[Stored items from a collection]:
┄┄┄┄┄┄
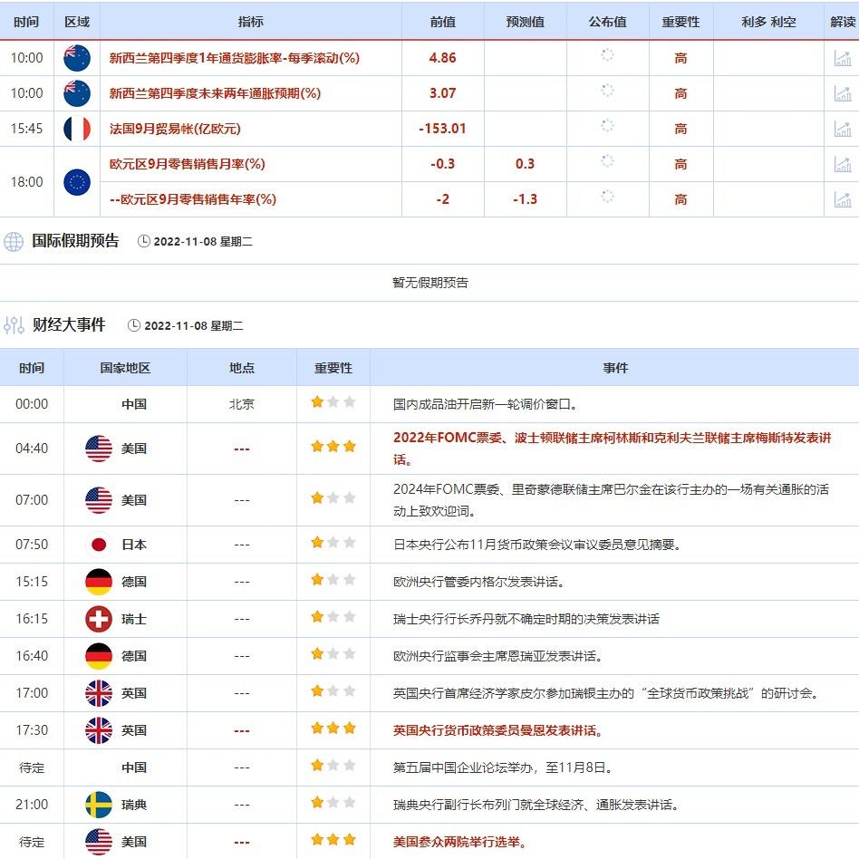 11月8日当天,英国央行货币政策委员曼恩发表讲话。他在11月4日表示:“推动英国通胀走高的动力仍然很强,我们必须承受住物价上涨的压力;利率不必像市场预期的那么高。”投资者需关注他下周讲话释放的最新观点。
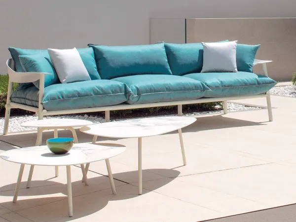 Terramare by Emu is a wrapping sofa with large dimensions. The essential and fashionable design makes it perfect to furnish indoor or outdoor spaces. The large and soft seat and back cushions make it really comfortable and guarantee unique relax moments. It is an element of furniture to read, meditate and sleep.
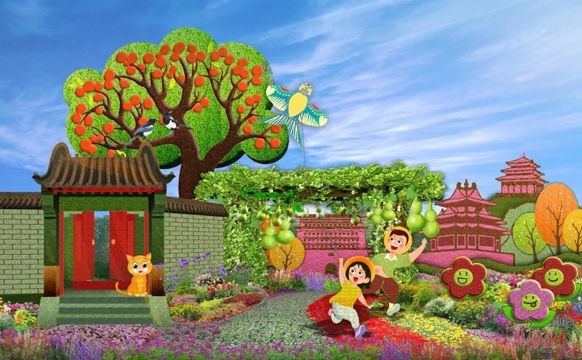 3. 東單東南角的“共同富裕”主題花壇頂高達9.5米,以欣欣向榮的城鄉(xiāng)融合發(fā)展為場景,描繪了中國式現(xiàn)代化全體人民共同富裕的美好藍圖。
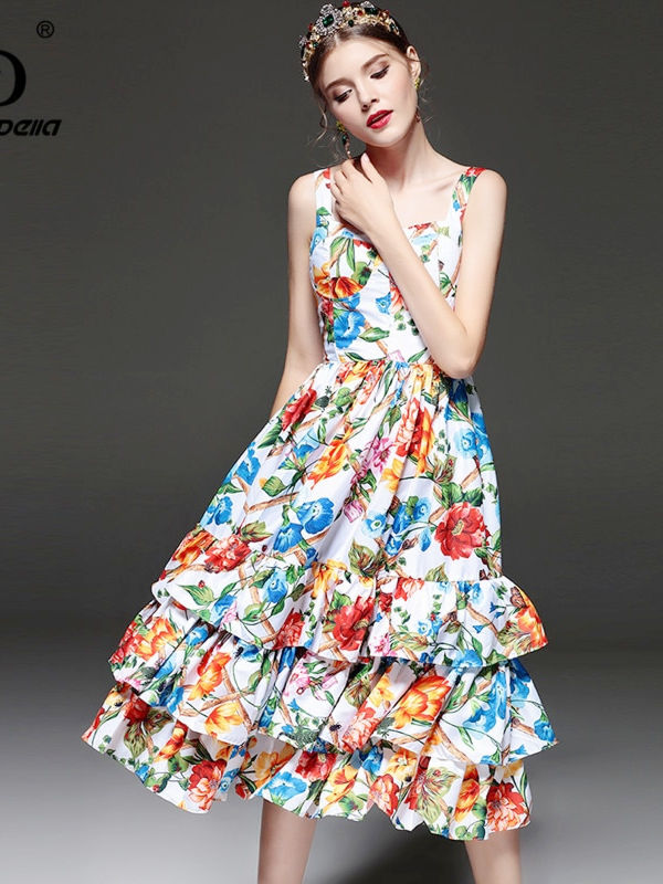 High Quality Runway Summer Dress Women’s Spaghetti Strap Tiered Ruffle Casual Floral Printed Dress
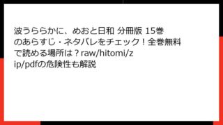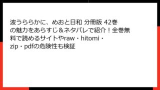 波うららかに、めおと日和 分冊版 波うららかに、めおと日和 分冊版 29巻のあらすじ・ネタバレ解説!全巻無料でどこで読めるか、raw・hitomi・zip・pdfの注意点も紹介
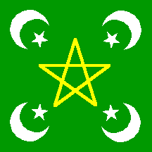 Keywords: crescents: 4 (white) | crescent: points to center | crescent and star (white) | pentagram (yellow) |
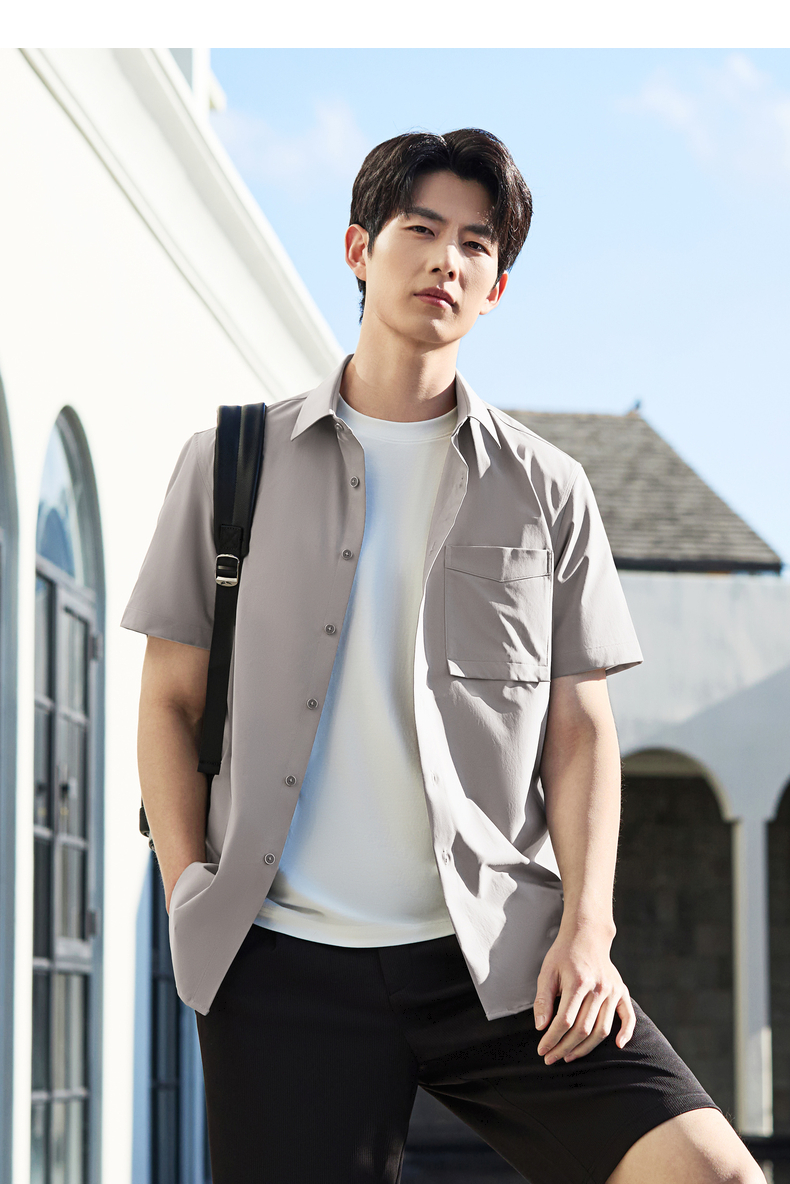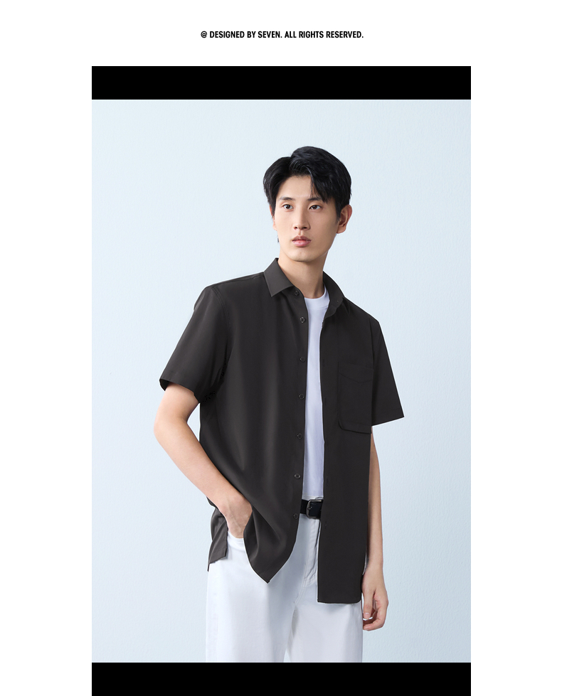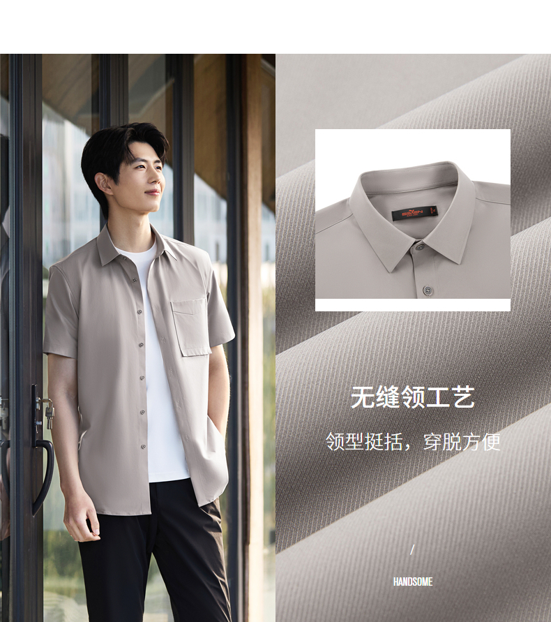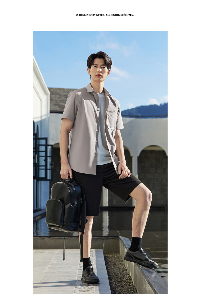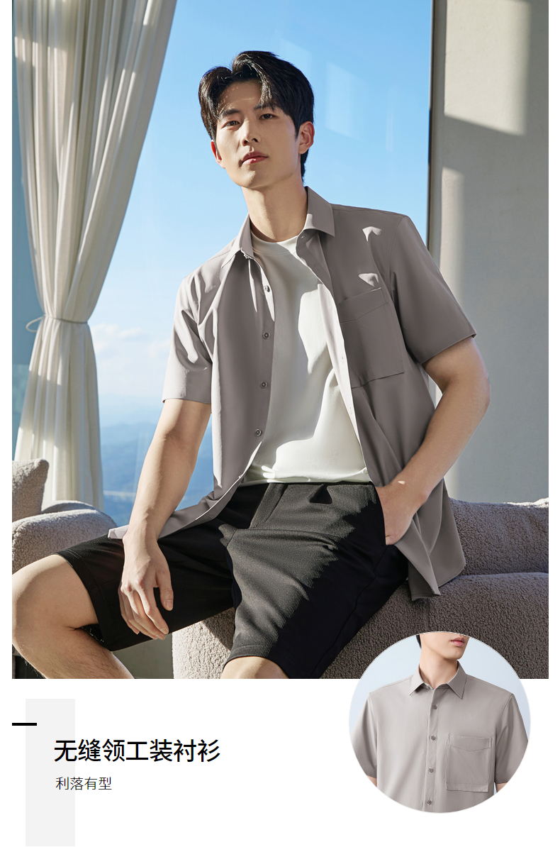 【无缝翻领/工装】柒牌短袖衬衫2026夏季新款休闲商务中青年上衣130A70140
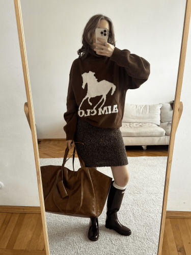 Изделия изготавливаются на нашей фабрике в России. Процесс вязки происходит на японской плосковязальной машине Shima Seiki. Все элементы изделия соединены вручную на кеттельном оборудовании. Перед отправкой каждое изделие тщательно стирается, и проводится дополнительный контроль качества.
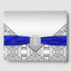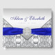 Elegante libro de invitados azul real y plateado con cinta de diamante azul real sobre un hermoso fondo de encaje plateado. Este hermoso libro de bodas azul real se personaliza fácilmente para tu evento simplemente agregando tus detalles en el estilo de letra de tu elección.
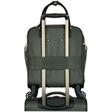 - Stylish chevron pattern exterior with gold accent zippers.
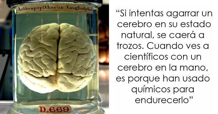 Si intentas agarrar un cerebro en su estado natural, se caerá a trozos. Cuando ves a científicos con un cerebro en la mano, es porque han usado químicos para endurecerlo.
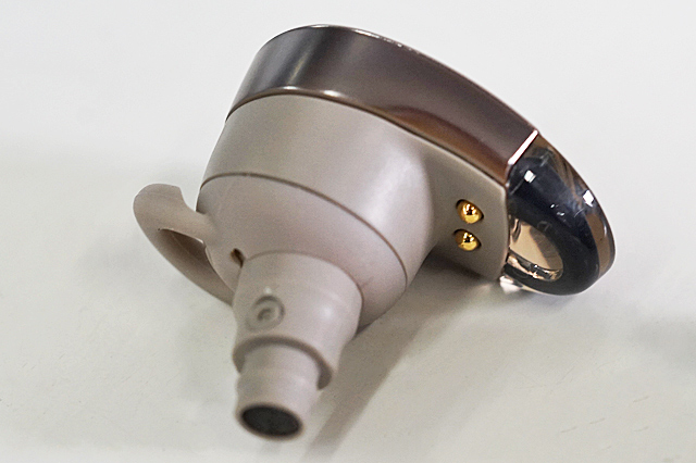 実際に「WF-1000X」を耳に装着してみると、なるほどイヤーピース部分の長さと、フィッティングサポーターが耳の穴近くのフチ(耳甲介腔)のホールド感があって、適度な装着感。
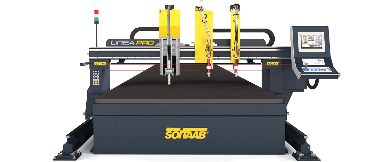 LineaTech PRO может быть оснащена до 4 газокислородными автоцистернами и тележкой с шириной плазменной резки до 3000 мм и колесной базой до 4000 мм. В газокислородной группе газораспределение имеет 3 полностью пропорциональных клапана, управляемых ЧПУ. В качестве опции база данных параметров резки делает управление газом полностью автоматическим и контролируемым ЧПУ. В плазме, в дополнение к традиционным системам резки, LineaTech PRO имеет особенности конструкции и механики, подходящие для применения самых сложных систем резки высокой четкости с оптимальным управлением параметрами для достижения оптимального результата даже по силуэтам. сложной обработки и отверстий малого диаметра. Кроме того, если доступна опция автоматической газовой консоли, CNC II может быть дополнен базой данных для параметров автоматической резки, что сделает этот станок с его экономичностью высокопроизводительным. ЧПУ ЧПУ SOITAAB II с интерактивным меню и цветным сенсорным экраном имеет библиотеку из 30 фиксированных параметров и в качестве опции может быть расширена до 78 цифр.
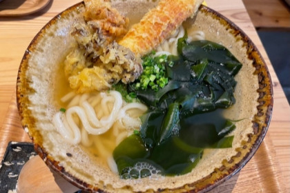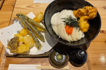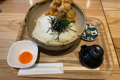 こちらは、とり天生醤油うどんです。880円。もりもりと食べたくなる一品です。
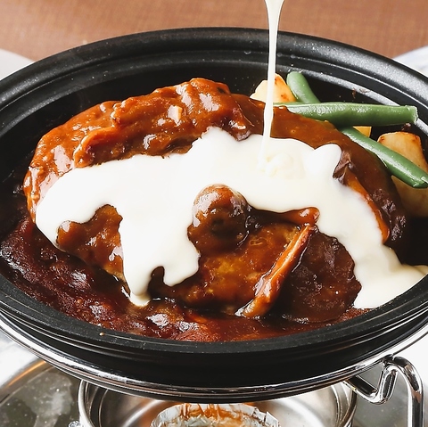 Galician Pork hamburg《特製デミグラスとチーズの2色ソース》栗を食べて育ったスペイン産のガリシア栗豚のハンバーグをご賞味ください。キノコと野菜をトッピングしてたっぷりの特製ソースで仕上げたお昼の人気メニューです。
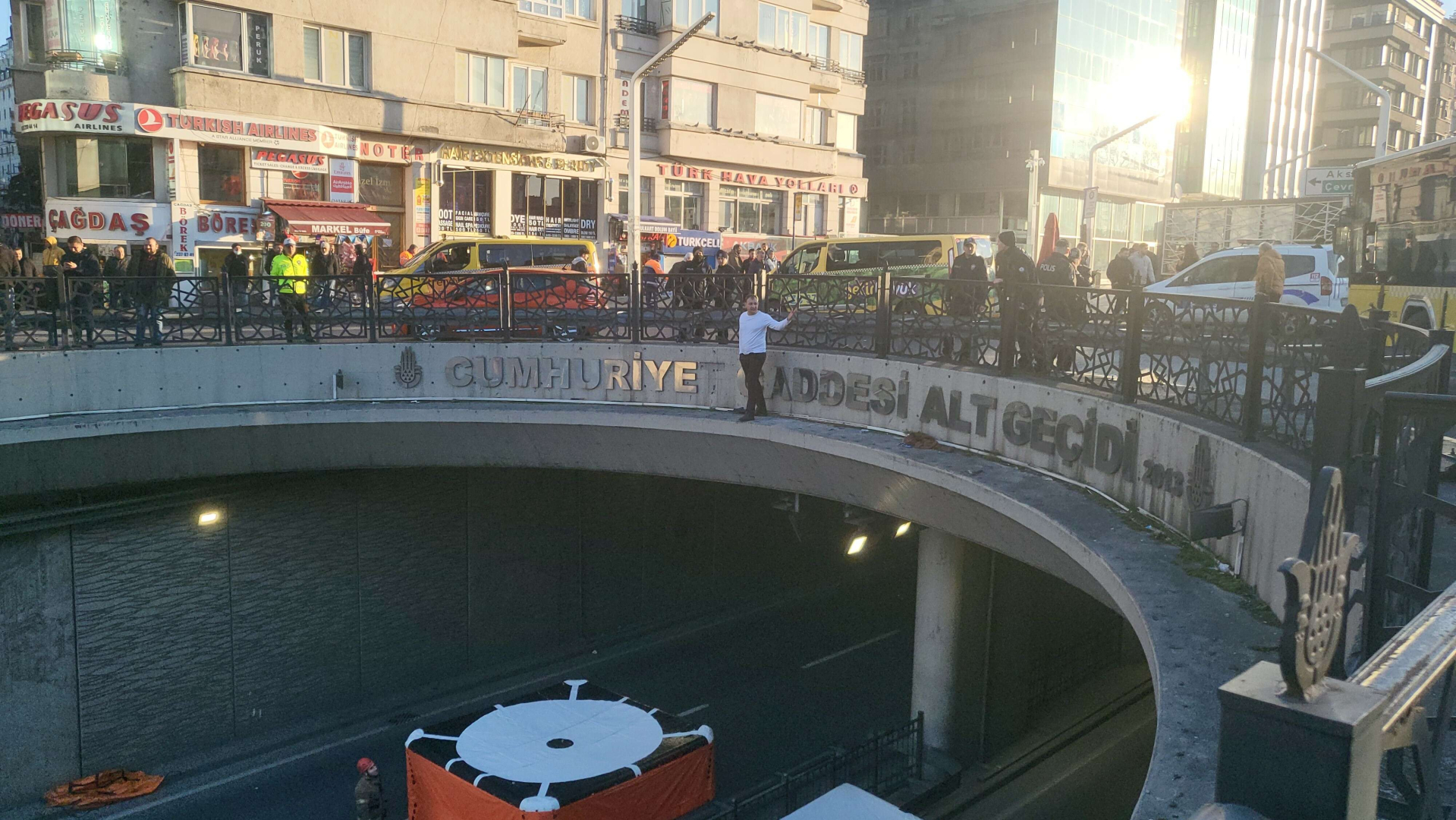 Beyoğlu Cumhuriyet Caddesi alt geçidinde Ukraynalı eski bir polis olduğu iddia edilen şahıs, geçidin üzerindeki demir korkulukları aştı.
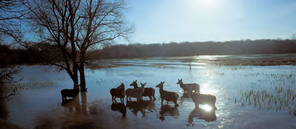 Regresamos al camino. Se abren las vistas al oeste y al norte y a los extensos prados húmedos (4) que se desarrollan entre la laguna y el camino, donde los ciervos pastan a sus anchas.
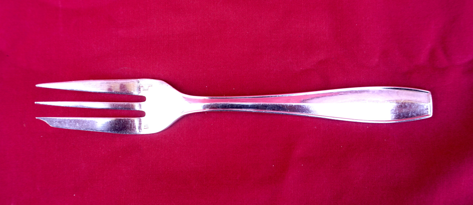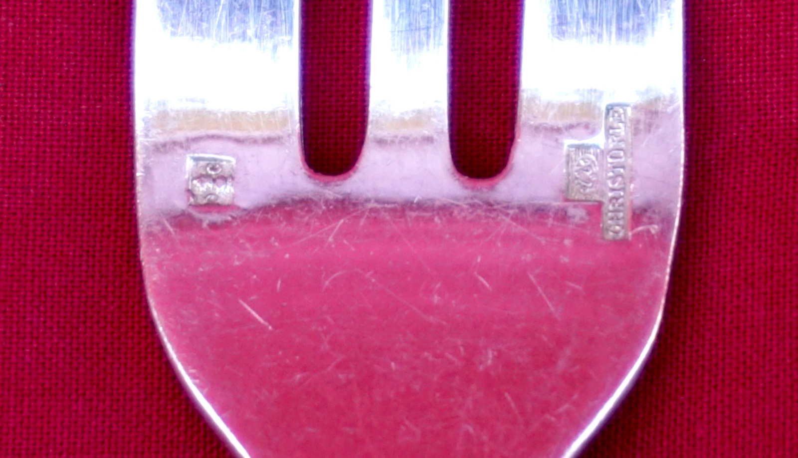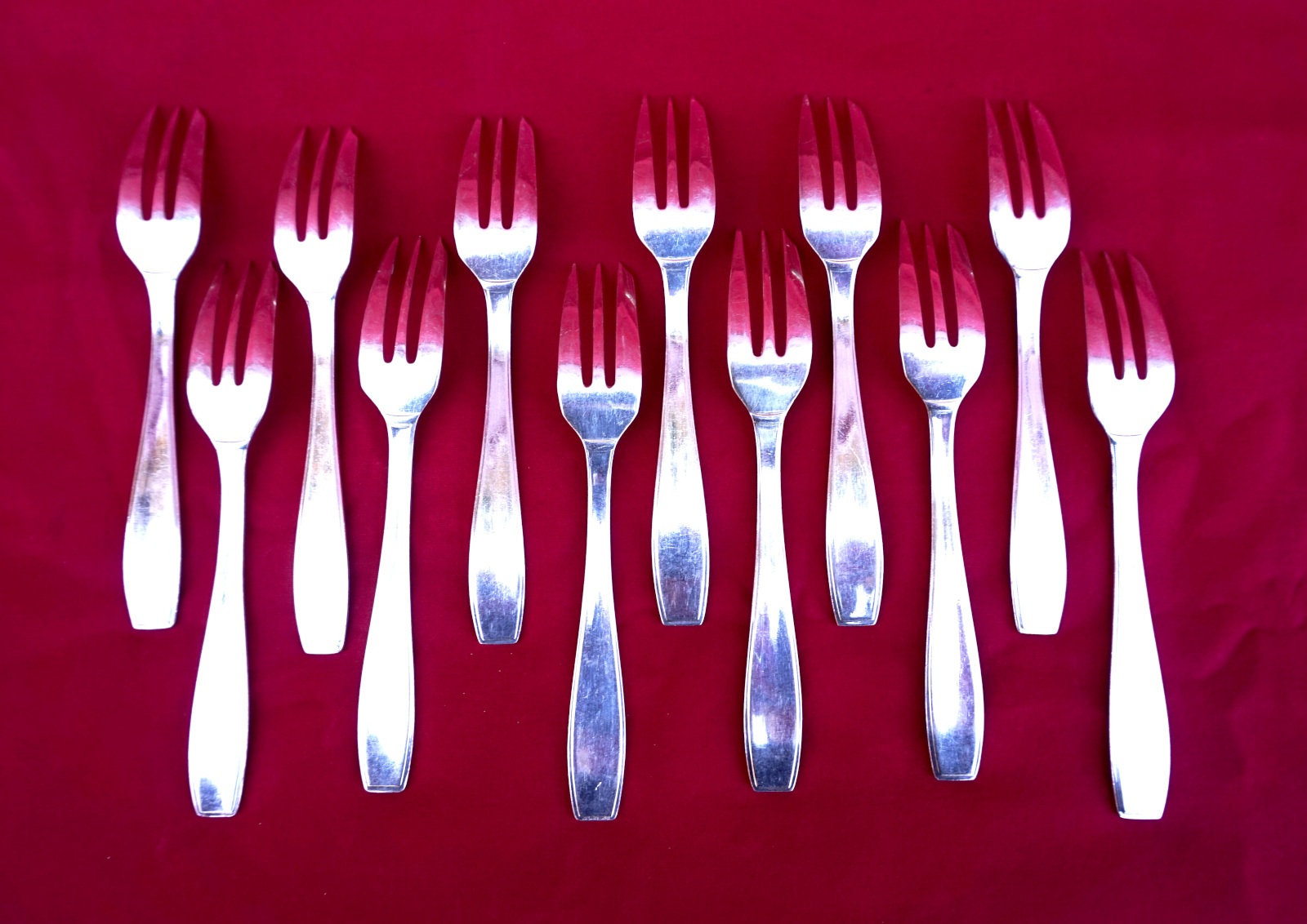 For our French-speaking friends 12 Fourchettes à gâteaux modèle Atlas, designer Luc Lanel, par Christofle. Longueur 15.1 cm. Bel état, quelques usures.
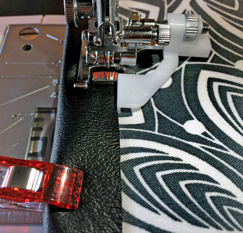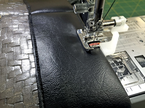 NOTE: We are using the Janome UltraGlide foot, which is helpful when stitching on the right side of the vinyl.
┄┄┄┄┄┄
[What to do]:
Only the records, copied exactly and without pictures, should make up the answer.

[Task result]:
 11月8日当天,英国央行货币政策委员曼恩发表讲话。他在11月4日表示:“推动英国通胀走高的动力仍然很强,我们必须承受住物价上涨的压力;利率不必像市场预期的那么高。”投资者需关注他下周讲话释放的最新观点。
 Terramare by Emu is a wrapping sofa with large dimensions. The essential and fashionable design makes it perfect to furnish indoor or outdoor spaces. The large and soft seat and back cushions make it really comfortable and guarantee unique relax moments. It is an element of furniture to read, meditate and sleep.
 3. 東單東南角的“共同富裕”主題花壇頂高達9.5米,以欣欣向榮的城鄉(xiāng)融合發(fā)展為場景,描繪了中國式現(xiàn)代化全體人民共同富裕的美好藍圖。
 High Quality Runway Summer Dress Women’s Spaghetti Strap Tiered Ruffle Casual Floral Printed Dress
 波うららかに、めおと日和 分冊版 波うららかに、めおと日和 分冊版 29巻のあらすじ・ネタバレ解説!全巻無料でどこで読めるか、raw・hitomi・zip・pdfの注意点も紹介
 Keywords: crescents: 4 (white) | crescent: points to center | crescent and star (white) | pentagram (yellow) |
 【无缝翻领/工装】柒牌短袖衬衫2026夏季新款休闲商务中青年上衣130A70140
 Изделия изготавливаются на нашей фабрике в России. Процесс вязки происходит на японской плосковязальной машине Shima Seiki. Все элементы изделия соединены вручную на кеттельном оборудовании. Перед отправкой каждое изделие тщательно стирается, и проводится дополнительный контроль качества.
 Elegante libro de invitados azul real y plateado con cinta de diamante azul real sobre un hermoso fondo de encaje plateado. Este hermoso libro de bodas azul real se personaliza fácilmente para tu evento simplemente agregando tus detalles en el estilo de letra de tu elección.
 - Stylish chevron pattern exterior with gold accent zippers.
 Si intentas agarrar un cerebro en su estado natural, se caerá a trozos. Cuando ves a científicos con un cerebro en la mano, es porque han usado químicos para endurecerlo.
 実際に「WF-1000X」を耳に装着してみると、なるほどイヤーピース部分の長さと、フィッティングサポーターが耳の穴近くのフチ(耳甲介腔)のホールド感があって、適度な装着感。
 LineaTech PRO может быть оснащена до 4 газокислородными автоцистернами и тележкой с шириной плазменной резки до 3000 мм и колесной базой до 4000 мм. В газокислородной группе газораспределение имеет 3 полностью пропорциональных клапана, управляемых ЧПУ. В качестве опции база данных параметров резки делает управление газом полностью автоматическим и контролируемым ЧПУ. В плазме, в дополнение к традиционным системам резки, LineaTech PRO имеет особенности конструкции и механики, подходящие для применения самых сложных систем резки высокой четкости с оптимальным управлением параметрами для достижения оптимального результата даже по силуэтам. сложной обработки и отверстий малого диаметра. Кроме того, если доступна опция автоматической газовой консоли, CNC II может быть дополнен базой данных для параметров автоматической резки, что сделает этот станок с его экономичностью высокопроизводительным. ЧПУ ЧПУ SOITAAB II с интерактивным меню и цветным сенсорным экраном имеет библиотеку из 30 фиксированных параметров и в качестве опции может быть расширена до 78 цифр.
 こちらは、とり天生醤油うどんです。880円。もりもりと食べたくなる一品です。
 Galician Pork hamburg《特製デミグラスとチーズの2色ソース》栗を食べて育ったスペイン産のガリシア栗豚のハンバーグをご賞味ください。キノコと野菜をトッピングしてたっぷりの特製ソースで仕上げたお昼の人気メニューです。
 Beyoğlu Cumhuriyet Caddesi alt geçidinde Ukraynalı eski bir polis olduğu iddia edilen şahıs, geçidin üzerindeki demir korkulukları aştı.
 Regresamos al camino. Se abren las vistas al oeste y al norte y a los extensos prados húmedos (4) que se desarrollan entre la laguna y el camino, donde los ciervos pastan a sus anchas.
 For our French-speaking friends 12 Fourchettes à gâteaux modèle Atlas, designer Luc Lanel, par Christofle. Longueur 15.1 cm. Bel état, quelques usures.
 NOTE: We are using the Janome UltraGlide foot, which is helpful when stitching on the right side of the vinyl.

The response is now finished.